The court sustained objection of plaintiff to this question, asked A. M. Wade by defendant:
"I will ask you whether, at the speed you were going, and the speed he was going, if he had waited to make his turn until he got on the other side of Cooper street, on the south side of Fifteenth, whether there would have been any collision at all?"
This called for a conclusion and opinion of the witness. The witness should testify to the facts and circumstances, and let the jury form the opinion and draw the conclusion. The court did not err in sustaining plaintiff's objection to this question. Ray v. Brannan, 196 Ala. 113, 72 So. 16; L. N. R. R. Co. v. Moorer, 195 Ala. 344, 70 So. 277.
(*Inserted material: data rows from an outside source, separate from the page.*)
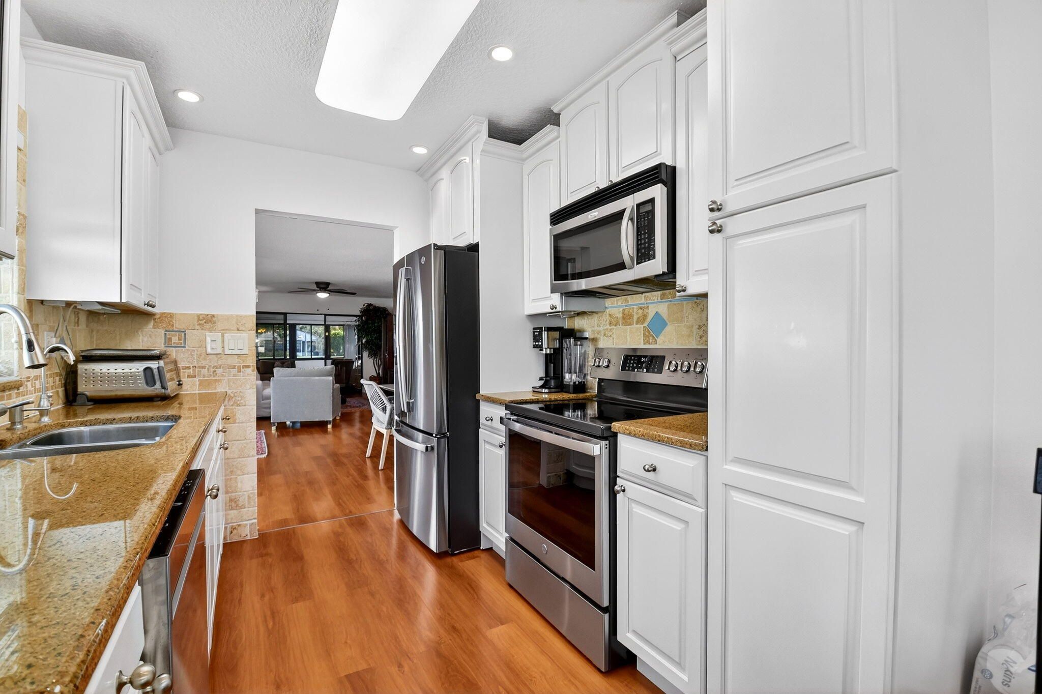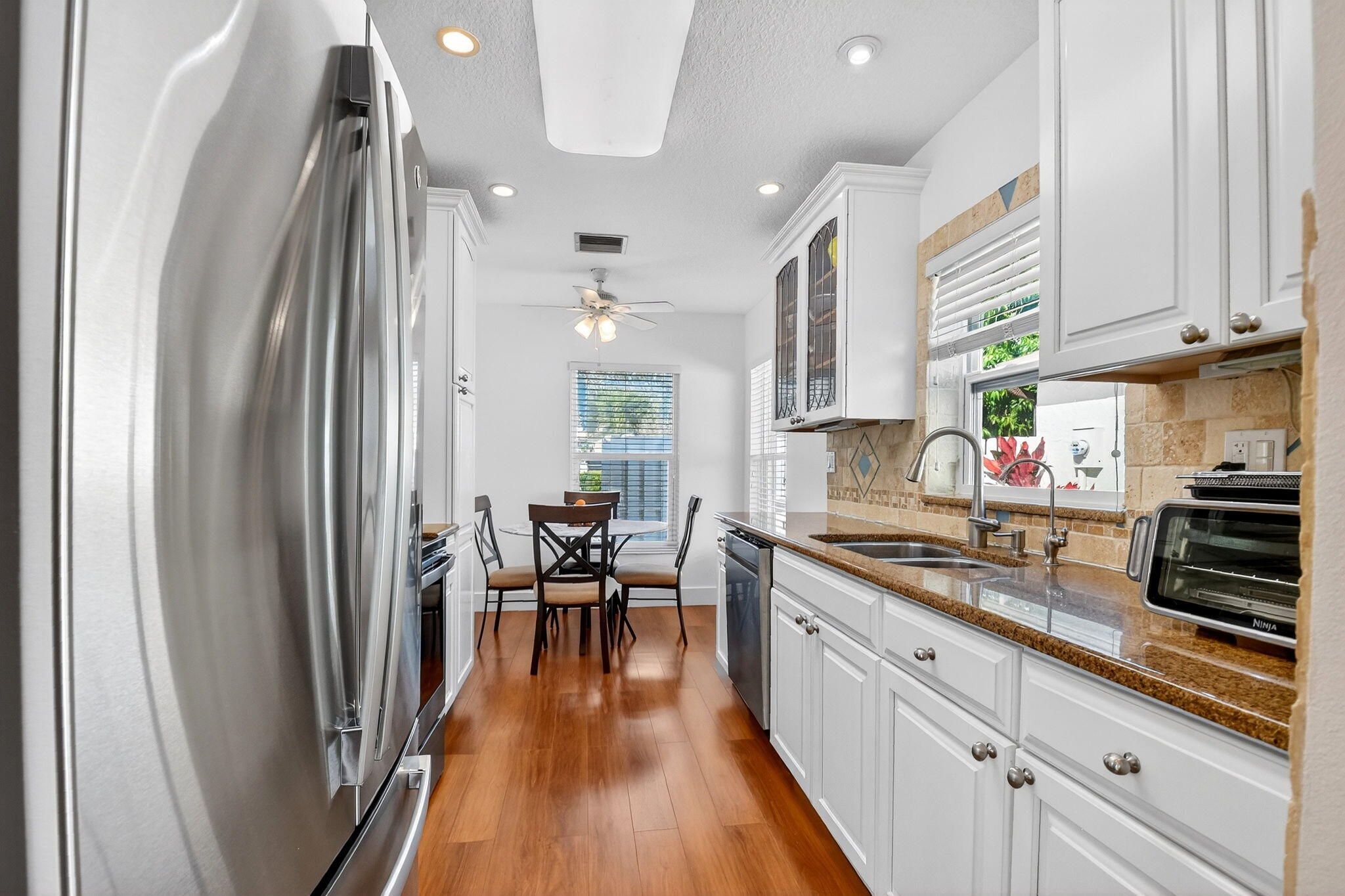 Beautifully updated lakefront home in the desirable community of Mirror Lakes! This move-in ready 2-bedroom, 2-bath residence offers the perfect blend of comfort and Florida charm. The renovated kitchen features white shaker cabinetry, granite countertops, 2025 stainless appliances, and a cozy eat-in area. Both bathrooms are tastefully updated for modern living. The bright Florida room overlooks the lake and is ideal for a home office, sitting area, or peaceful retreat. Enjoy outdoor entertaining on the patio, perfect for BBQs with friends and family. Sip your morning coffee under the mango tree while watching serene lake views and local wildlife. Mirror Lakes is a friendly, active adult community offering a pool, pickleball, game room, and scenic walking and biking paths. This is conveniently located near shopping, dining, airports, and I-95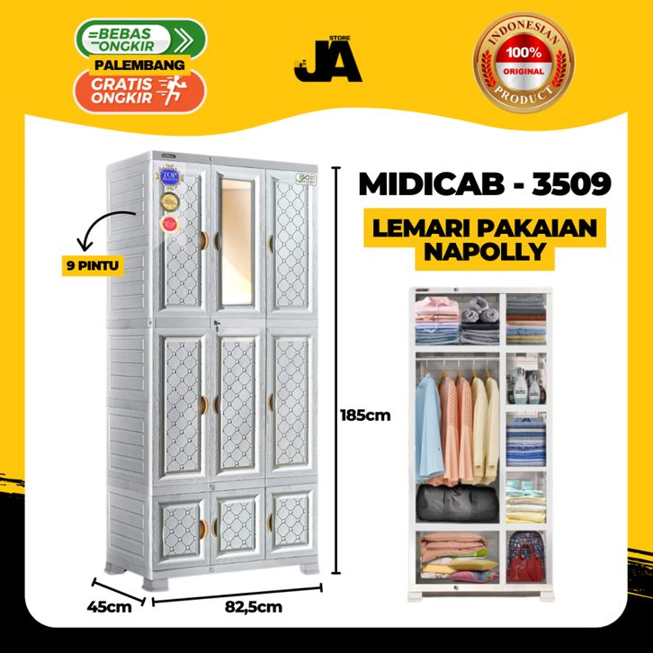 PROMO Lemari Pakaian Plastik Napolly MIDICAB-3509 C ION PUMA / 9 Pintu / Rak Laci Berkualitas Palembang ORIGINAL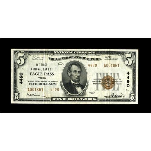 Eagle Pass, TX - $5 1929 Ty. 2 The First NB Ch. # 4490T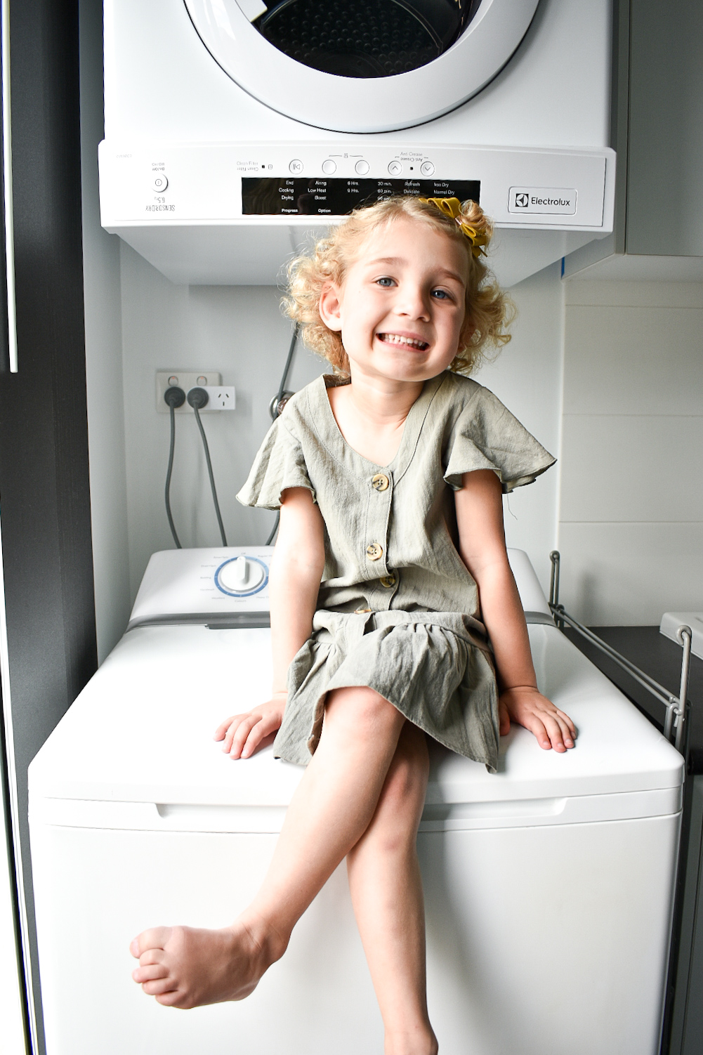 The laundry WAS my least liked room in the house, mostly because it’s filled with washing 100% of the time. It’s the one chore that just never ends. No matter how quick you are at folding and putting away (and let me promise you I am not very quick) you can never NEVER be on top of it, unless you become a nudist maybe… Now there’s a food for thought!

We find no reversible error in the record, and this case is affirmed.
ANDERSON, C. J., and SAYRE and GARDNER, JJ., concur.
On Rehearing.
A majority of the court, composed of ANDERSON, C. J., and SAYRE, SOMERVILLE, and THOMAS, JJ., are of the opinion, and so hold, that the trial court erred in giving the plaintiff's requested charge 2. The first part of it invaded the province of the jury, as it was for them to decide whether or not it was the motorman's duty to have sounded the gong under the circumstances disclosed by the evidence. Indeed, the original opinion seems to concede this, but holds that this erroneous statement was so cured or neutralized as to render the charge merely misleading; but the majority think that the charge in its entirety was erroneous, and not merely misleading. While the latter part of said charge hypothesized that, if he negligently failed to do so, etc., the first part had already charged that it was his duty to do so, and in effect that he was guilty of negligence, and this error was not cured by the remainder of said charge.
Application for rehearing granted, judgment of affirmance set aside, and reversed and remanded.
McCLELLAN, GARDNER, and MILLER, JJ., adhere to the original opinion, and dissent from the reversal of the case.